17 Ekim 2010 Pazar

Plansız İtalya Avusturya -Bölüm 6-

Akşam trenle 3 saatte Milano’ya geçtim. Hostel listem hazırdı ama dışarıda yağmur yağıyordu ve yağmur altında adres aramak zor geldi. Onun yerine birkaç saate devasa tren istasyonunda geçirdim. Son otobüsle havaalanına gidip uçağımı orada bekledim. İlk kez havaalanında uyudum hatta dişlerimi fırçaladım. Terminal filmini yâd edelim şu noktada. Basık tavanlı eski Malpensa havaalanında vakit geçirmek çok zor. Şansıma kitapçıda İngilizce kitaplar vardı. Dan Brown’ın Kayıp Sembol kitabını aldım ve okumaya başladım. Daha önceki kitaplarındaki benzerlikler nedeniyle bir daha okumam demiştim ama okurmuşum. Bir de Malpensa’ya eski dedim ama Bergamo ne halde bilmiyorum.

17 Ekim Madrid

Öğlen uçakla Madrid’e geldim ve yine hiçbir kontrol yoktu. Türkiye’den çıkmak için harç puluna kadar varan bir çok şeyle uğraşmış bünyeler için alışılması zor olaylar bunlar. Hatta easyJet’in web checkini sayesinde checkin yapmam da gerekmiyor. Bu nedenle sadece kapıdan geçerken uçuş kartımı göstermem yetiyor. Neyse sonuç olarak geçici de olsa evime gelmiştim.

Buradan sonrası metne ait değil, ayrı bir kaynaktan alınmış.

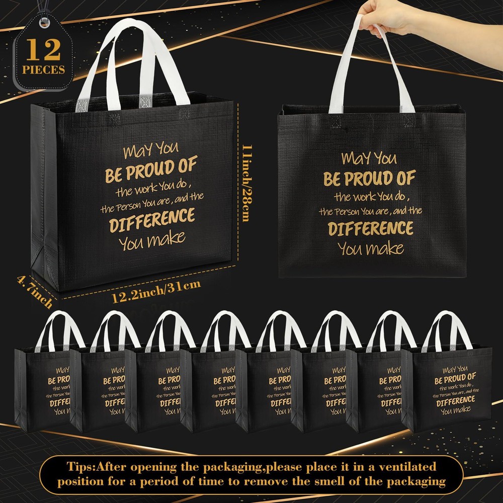 eBay Product Listing Welcome to Your Favorite My Store Your satisfaction is our top priority – Shop confidently 12 Pcs Employee Teacher Appreciation Gift Bag Glossy Reusable 12.2 x 4.7 x 11 Inch May You Be Proud Thank You Bags with Handles for Coworker Volunteer Secretary Nurse(Black) Item Gallery Item Description Sufficient Employee Appreciation Gifts: get 12 black gift bags with handles and 12 sturdy cardboard inserts to enhance load capacity; There are sufficient gift bags, so you can share your gratitude with multiple team members effortlessly Suitable Size: thoughtfully designed at about 12.2 x 4.7 x 11 inches/ 31 x 12 x 28 cm, these black gift bags can comfortably fit various items; From small tokens of appreciation like cups, snacks and candy to larger gestures like clothes, shoes and books, these bags can accommodate it all Reliable Non Woven Fabric Material: crafted from quality non woven fabric, these gift bags are not only long lasting, sturdy, lightweight, portable and reusable but also add an elegant feel; Your employees will notice the attention to detail put into their design Delicate Design: the black tote bags exude elegance; The printed message, "May You BE PROUD OF the work you do, the Person You are, and the DIFFERENCE You make" shows appreciation; Let your employees feel valued with these sophisticated bags Multipurpose and Various Occasions: suitable for various events, these reusable gift bags are not limited to just employee appreciation; They are also ideal for birthdays, teacher appreciation week, company annual meeting, office celebrations, and holiday presents Special Features Features: Simple to and carry: In addition to their beautiful design, these thank you gift bags are easy to and carry. Foldable and with sturdy handles, transportation is effortless. Nice appreciation gifts: Specifically designed for employees, these tote bags bulk are the ideal choice for showing gratitude. Create a positive work environment with these gift bags filled with appreciation and acknowledgment. Specifications: Material: non woven fabric Color: black, white, gold Size: about 12.2 x 4.7 x 11 inches/ 31 x 12 x 28 cm Package includes: 12 x Black gift bags with handles Notes: Manual measurement, please allow slight errors on size. The color may exist a slight difference due to different screen displays. Our Guarantee To You We offer fast shipping, free delivery, and 100% customer satisfaction guarantee. Not satisfied? Return your item for free within 30 days. 30-Day Free Returns Shipping Details Items will be sent to your eBay address. Please verify before purchasing. Typical delivery within 3-7 business days. Professional shipping services used for all orders. We ship to the continental US (48 states only). Unable to deliver to Alaska, Hawaii, or territories. No APO/FPO or PO Box deliveries available. We use eco-friendly packaging Payment Options We accept these secure payment methods: All transactions securely processed through eBay's payment system. Simple Returns 30-Day Satisfaction Promise Contact us through eBay messages within 30 days of delivery. We'll provide return instructions and our address. Return the item in its original condition. We'll process your refund within 48 hours of receiving the item. Get In Touch Have questions about your order? Contact us through eBay messaging for prompt assistance. We typically respond within 24 hours.

Önce arkadaşlara haber verdim, hazır Madrid’deyken buluşalım diye. Herkes ayrı havada olduğu için bulaşamadık, aynen güzel ve yalnız kasabama doğru yola çıktım. Açlıktan çılgın atan ve görmeyeli kilosunu iki katına çıkarmış kedimin çığlıklarıyla maceram son buldu. Telaşlanmayın bir Fransız bayanla ve onun sevgilisiyle birlikte yaşıyorum sonuçta onlar da kedinin sahibi.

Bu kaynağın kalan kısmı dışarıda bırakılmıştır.